Problem statement — Below are records with pictures. Transcribe exactly, and only, the lines from the line with "Këto janë rezultatet finale të Eurovisionit" to the line with "- 화,수,목 오후 7시", both ends included, but not the pictures.

Data to use —
Content starts
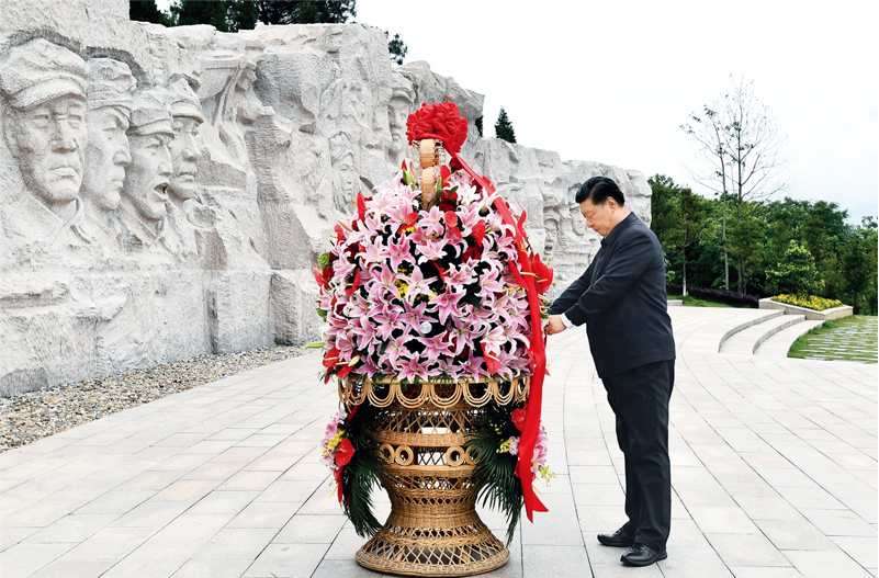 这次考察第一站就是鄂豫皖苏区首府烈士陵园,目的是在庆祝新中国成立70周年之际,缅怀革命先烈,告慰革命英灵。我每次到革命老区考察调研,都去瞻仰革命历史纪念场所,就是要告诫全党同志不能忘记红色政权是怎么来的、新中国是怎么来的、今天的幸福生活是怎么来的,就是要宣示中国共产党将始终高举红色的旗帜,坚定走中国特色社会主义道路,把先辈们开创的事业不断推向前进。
Content ends
Content starts
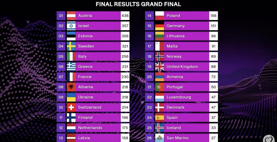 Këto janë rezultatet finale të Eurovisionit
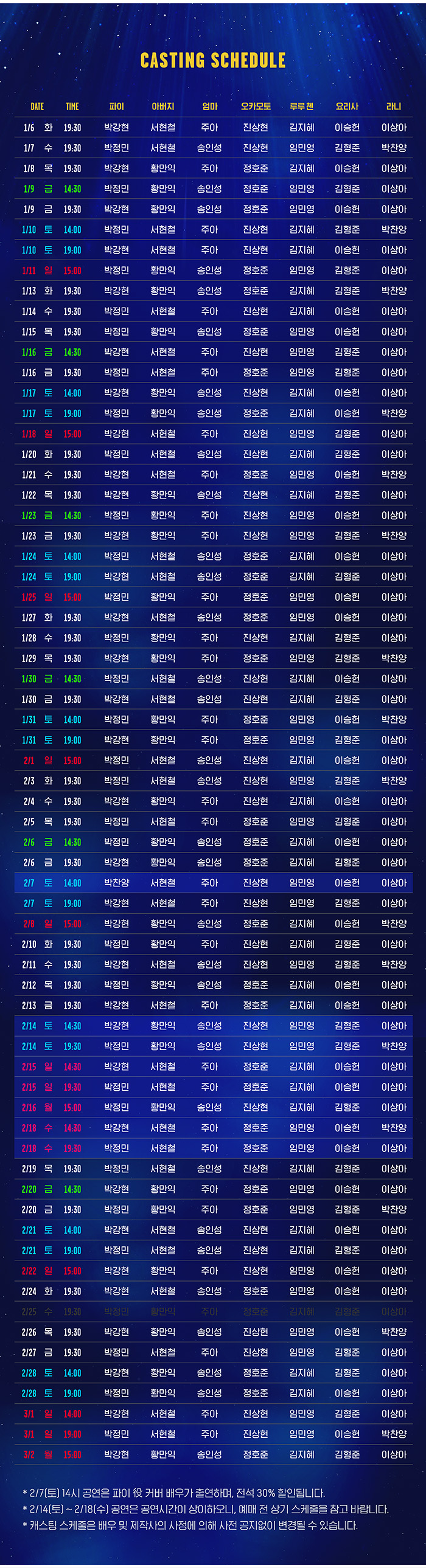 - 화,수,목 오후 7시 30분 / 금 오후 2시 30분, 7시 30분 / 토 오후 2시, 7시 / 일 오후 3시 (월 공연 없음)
Content ends
Content starts
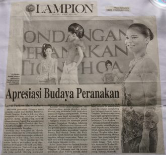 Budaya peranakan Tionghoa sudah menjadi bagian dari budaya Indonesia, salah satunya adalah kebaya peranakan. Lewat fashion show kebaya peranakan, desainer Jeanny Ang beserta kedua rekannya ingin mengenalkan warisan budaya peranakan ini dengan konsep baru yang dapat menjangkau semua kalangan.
Content ends
Response to this exercise —
 Këto janë rezultatet finale të Eurovisionit
 - 화,수,목 오후 7시 30분 / 금 오후 2시 30분, 7시 30분 / 토 오후 2시, 7시 / 일 오후 3시 (월 공연 없음)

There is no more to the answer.